What is needed – Repeat exactly what appears from the opening line of the listing to the line with "ایران قهرمان جام جهانی کشتی آزاد شد", inclusive.

Given data –
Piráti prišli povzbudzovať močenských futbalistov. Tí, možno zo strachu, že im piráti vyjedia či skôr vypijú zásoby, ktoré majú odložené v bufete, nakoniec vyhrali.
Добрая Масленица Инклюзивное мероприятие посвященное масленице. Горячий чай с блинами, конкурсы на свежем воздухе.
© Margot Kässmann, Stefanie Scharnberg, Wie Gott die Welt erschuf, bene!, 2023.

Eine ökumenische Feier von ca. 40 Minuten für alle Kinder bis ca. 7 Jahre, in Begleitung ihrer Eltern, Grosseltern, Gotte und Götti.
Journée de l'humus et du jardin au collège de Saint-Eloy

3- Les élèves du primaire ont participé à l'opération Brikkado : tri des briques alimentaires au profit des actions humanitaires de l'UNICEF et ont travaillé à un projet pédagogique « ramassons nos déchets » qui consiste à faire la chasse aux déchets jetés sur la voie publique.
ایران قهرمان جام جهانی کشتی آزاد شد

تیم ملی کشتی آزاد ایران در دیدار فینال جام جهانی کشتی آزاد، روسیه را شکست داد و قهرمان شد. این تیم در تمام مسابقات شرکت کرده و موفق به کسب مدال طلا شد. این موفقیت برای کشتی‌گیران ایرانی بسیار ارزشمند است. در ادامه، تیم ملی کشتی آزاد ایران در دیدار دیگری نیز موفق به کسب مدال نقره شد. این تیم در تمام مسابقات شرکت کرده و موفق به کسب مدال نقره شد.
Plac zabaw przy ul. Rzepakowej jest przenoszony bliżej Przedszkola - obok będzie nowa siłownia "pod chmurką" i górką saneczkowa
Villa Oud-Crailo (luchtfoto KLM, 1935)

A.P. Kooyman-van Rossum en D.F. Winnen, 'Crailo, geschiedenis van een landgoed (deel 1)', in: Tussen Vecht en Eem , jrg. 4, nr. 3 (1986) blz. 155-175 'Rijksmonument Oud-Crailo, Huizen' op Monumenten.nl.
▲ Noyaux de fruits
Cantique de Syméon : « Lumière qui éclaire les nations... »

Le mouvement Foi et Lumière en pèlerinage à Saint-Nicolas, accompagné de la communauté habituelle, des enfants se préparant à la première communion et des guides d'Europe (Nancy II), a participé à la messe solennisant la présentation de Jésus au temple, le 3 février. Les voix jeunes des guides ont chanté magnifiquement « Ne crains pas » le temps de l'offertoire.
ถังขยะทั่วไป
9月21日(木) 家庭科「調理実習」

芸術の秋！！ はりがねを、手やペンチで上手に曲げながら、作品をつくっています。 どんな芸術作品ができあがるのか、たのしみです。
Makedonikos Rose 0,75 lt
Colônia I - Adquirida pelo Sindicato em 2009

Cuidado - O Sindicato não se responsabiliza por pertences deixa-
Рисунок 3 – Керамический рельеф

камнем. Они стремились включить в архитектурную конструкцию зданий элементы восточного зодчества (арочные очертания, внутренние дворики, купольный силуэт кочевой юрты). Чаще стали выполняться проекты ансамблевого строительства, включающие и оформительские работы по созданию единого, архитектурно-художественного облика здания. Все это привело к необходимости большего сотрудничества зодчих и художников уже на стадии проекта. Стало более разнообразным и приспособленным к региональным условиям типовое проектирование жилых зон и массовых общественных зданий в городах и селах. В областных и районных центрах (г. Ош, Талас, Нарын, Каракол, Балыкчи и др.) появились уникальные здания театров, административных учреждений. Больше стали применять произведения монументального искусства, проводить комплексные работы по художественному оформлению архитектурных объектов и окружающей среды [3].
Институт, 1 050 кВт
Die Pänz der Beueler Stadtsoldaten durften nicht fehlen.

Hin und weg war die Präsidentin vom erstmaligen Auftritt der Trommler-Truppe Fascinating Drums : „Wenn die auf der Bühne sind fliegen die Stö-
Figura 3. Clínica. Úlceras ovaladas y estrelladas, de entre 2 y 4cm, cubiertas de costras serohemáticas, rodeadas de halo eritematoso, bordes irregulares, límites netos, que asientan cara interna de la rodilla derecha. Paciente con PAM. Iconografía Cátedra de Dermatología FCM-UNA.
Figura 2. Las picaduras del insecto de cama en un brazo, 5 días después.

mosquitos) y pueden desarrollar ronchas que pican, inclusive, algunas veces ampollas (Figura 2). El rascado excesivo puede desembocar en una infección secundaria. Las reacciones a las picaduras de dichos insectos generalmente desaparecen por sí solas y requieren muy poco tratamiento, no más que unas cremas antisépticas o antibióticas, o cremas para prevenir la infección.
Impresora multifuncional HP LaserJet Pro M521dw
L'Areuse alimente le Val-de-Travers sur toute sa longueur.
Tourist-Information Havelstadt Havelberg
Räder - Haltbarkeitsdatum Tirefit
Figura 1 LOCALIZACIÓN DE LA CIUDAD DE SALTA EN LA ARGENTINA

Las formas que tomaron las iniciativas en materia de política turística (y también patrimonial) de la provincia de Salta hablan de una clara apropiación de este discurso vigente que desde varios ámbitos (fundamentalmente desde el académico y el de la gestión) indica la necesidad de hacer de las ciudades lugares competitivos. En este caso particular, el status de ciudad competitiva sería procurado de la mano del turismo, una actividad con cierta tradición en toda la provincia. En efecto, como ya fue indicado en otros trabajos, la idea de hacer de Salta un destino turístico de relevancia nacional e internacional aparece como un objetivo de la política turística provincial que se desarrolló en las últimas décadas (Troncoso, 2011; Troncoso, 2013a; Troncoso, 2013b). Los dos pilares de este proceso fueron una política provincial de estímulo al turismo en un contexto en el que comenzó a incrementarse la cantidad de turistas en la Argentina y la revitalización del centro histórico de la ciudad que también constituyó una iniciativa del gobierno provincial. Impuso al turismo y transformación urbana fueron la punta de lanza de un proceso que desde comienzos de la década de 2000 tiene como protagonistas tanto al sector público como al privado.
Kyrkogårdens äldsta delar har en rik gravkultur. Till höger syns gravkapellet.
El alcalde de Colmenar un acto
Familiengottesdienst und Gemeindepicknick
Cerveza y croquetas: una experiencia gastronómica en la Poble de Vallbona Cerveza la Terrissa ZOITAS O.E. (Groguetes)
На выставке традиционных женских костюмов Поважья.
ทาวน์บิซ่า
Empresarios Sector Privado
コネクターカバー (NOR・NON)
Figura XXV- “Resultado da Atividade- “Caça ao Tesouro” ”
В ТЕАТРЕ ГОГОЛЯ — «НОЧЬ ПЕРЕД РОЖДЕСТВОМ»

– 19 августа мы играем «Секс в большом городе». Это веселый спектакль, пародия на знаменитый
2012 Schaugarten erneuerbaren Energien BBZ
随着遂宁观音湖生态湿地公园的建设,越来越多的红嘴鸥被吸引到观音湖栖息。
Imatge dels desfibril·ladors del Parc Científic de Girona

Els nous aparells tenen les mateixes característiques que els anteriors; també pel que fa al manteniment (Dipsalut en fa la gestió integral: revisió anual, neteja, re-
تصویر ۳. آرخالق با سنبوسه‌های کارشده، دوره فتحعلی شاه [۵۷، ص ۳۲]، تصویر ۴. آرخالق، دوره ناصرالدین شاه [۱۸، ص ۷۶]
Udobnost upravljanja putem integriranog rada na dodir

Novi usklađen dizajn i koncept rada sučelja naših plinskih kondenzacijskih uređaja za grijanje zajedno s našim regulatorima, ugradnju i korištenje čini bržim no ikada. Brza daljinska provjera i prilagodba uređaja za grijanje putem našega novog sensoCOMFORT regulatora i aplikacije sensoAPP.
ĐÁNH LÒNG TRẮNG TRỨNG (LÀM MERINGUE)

Result of the task –
Piráti prišli povzbudzovať močenských futbalistov. Tí, možno zo strachu, že im piráti vyjedia či skôr vypijú zásoby, ktoré majú odložené v bufete, nakoniec vyhrali.
Добрая Масленица Инклюзивное мероприятие посвященное масленице. Горячий чай с блинами, конкурсы на свежем воздухе.
© Margot Kässmann, Stefanie Scharnberg, Wie Gott die Welt erschuf, bene!, 2023.

Eine ökumenische Feier von ca. 40 Minuten für alle Kinder bis ca. 7 Jahre, in Begleitung ihrer Eltern, Grosseltern, Gotte und Götti.
Journée de l'humus et du jardin au collège de Saint-Eloy

3- Les élèves du primaire ont participé à l'opération Brikkado : tri des briques alimentaires au profit des actions humanitaires de l'UNICEF et ont travaillé à un projet pédagogique « ramassons nos déchets » qui consiste à faire la chasse aux déchets jetés sur la voie publique.
ایران قهرمان جام جهانی کشتی آزاد شد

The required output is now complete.